WORK INSTRUCTION: The word "doczeka" marks the lines to find; copy every such line from the data below.

WORKING DATA:
···

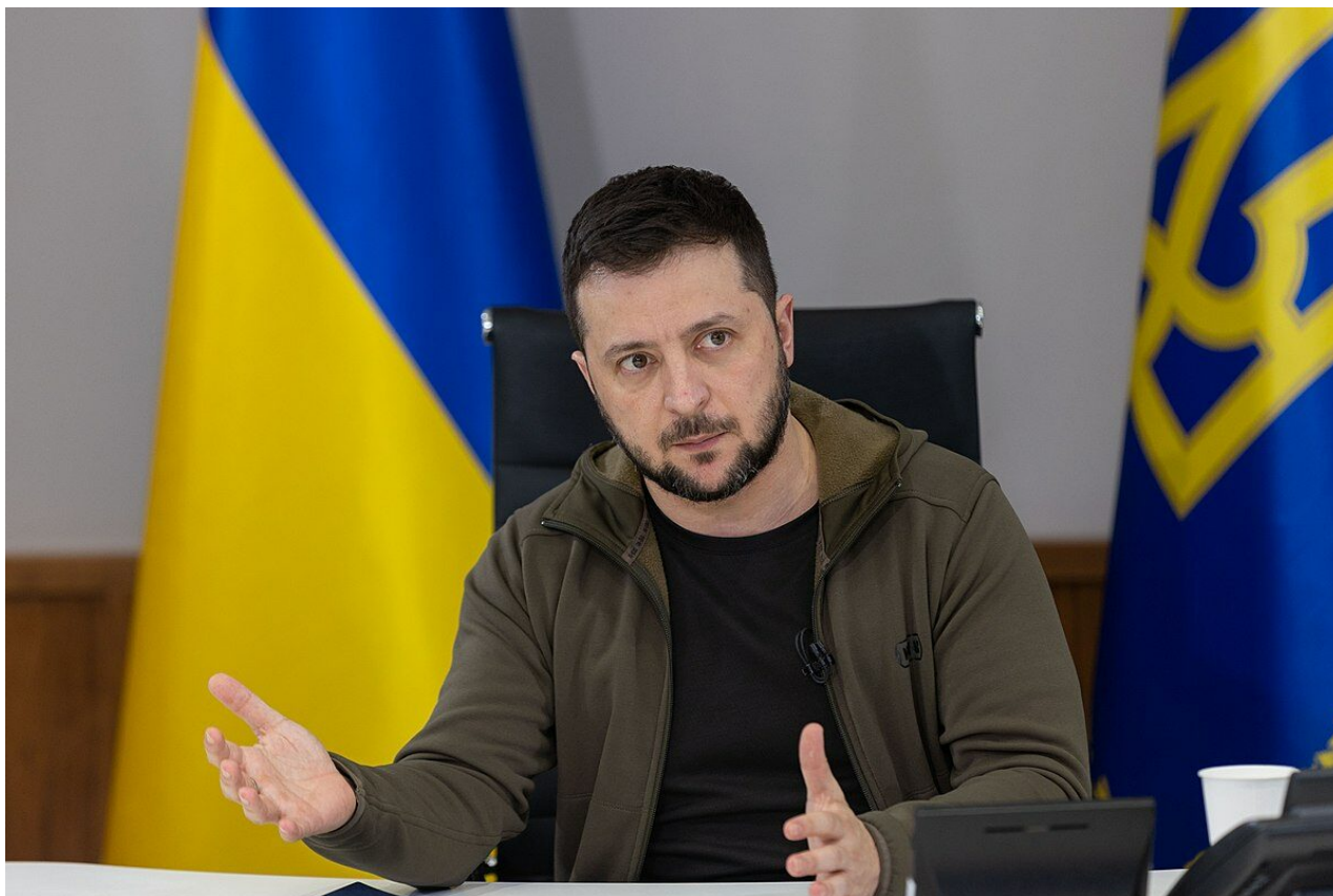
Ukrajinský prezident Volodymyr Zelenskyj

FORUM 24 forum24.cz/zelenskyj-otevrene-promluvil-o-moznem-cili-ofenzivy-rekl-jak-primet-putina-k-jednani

···

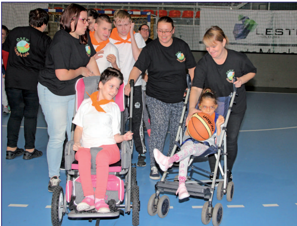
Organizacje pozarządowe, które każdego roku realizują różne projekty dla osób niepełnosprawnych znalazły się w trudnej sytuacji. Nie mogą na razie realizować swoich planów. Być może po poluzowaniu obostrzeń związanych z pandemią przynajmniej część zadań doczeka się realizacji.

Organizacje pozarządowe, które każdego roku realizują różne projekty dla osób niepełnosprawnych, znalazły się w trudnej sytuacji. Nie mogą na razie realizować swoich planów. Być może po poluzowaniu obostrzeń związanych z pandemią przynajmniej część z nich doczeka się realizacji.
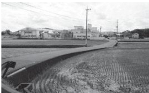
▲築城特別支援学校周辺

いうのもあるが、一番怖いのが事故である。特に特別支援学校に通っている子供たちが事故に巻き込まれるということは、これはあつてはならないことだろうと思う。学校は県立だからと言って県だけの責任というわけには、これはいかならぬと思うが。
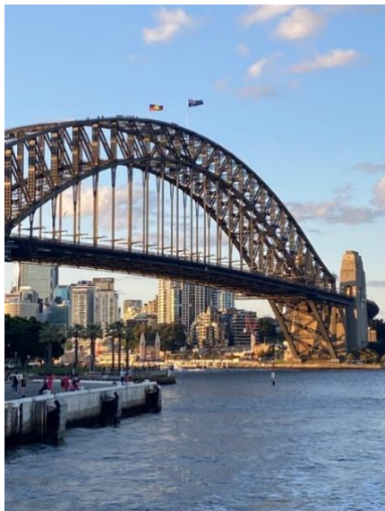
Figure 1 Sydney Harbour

···

RESPONSE TO THIS EXERCISE:
Organizacje pozarządowe, które każdego roku realizują różne projekty dla osób niepełnosprawnych znalazły się w trudnej sytuacji. Nie mogą na razie realizować swoich planów. Być może po poluzowaniu obostrzeń związanych z pandemią przynajmniej część zadań doczeka się realizacji.
Organizacje pozarządowe, które każdego roku realizują różne projekty dla osób niepełnosprawnych, znalazły się w trudnej sytuacji. Nie mogą na razie realizować swoich planów. Być może po poluzowaniu obostrzeń związanych z pandemią przynajmniej część z nich doczeka się realizacji.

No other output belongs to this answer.